▶ **Data below**:
* * * *

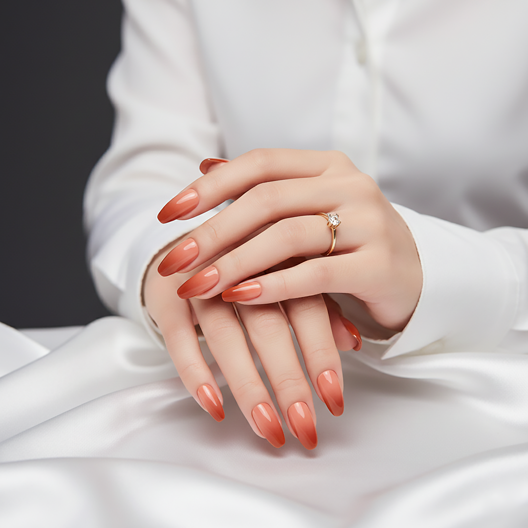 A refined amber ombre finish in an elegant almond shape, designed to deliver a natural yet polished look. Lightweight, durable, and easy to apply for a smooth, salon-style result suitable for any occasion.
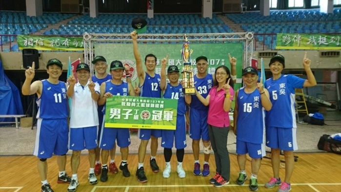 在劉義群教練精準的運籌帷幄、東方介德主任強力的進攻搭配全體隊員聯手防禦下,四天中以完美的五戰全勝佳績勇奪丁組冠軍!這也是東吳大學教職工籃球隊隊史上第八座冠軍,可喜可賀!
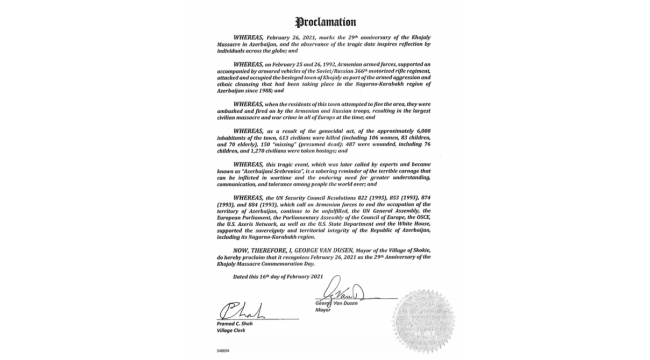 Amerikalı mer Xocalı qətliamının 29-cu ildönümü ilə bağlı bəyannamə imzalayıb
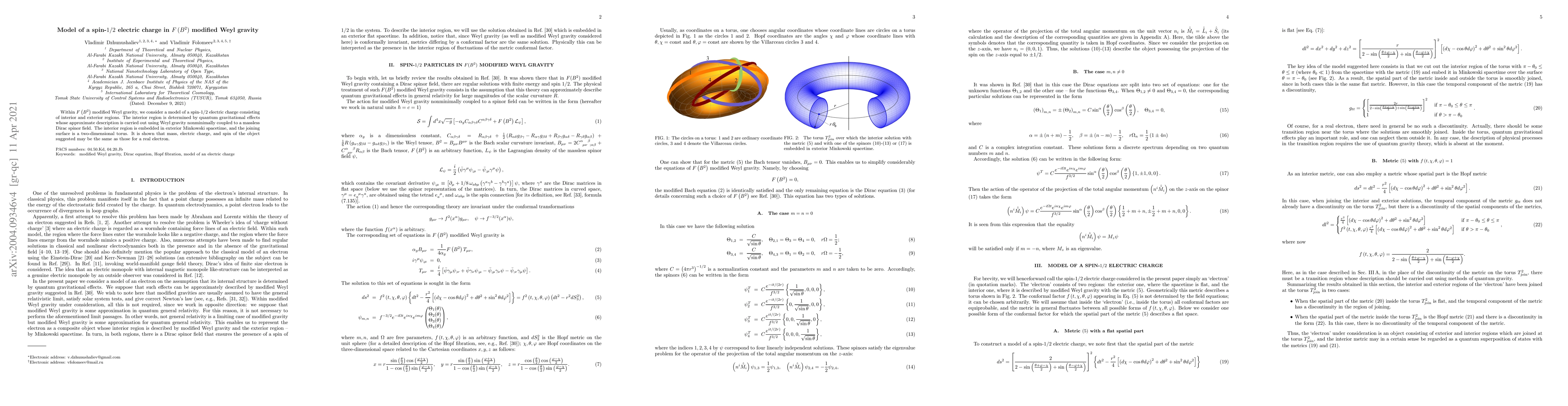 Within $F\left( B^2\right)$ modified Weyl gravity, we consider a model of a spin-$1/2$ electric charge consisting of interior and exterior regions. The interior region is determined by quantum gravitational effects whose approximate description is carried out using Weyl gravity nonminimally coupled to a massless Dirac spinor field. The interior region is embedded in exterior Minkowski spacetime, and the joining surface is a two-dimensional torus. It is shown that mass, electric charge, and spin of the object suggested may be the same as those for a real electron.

* * * *

▶ **Task description**: Output each line above exactly as it stands, omitting the pictures.

▶ **The answer**:
 A refined amber ombre finish in an elegant almond shape, designed to deliver a natural yet polished look. Lightweight, durable, and easy to apply for a smooth, salon-style result suitable for any occasion.
 在劉義群教練精準的運籌帷幄、東方介德主任強力的進攻搭配全體隊員聯手防禦下,四天中以完美的五戰全勝佳績勇奪丁組冠軍!這也是東吳大學教職工籃球隊隊史上第八座冠軍,可喜可賀!
 Amerikalı mer Xocalı qətliamının 29-cu ildönümü ilə bağlı bəyannamə imzalayıb
 Within $F\left( B^2\right)$ modified Weyl gravity, we consider a model of a spin-$1/2$ electric charge consisting of interior and exterior regions. The interior region is determined by quantum gravitational effects whose approximate description is carried out using Weyl gravity nonminimally coupled to a massless Dirac spinor field. The interior region is embedded in exterior Minkowski spacetime, and the joining surface is a two-dimensional torus. It is shown that mass, electric charge, and spin of the object suggested may be the same as those for a real electron.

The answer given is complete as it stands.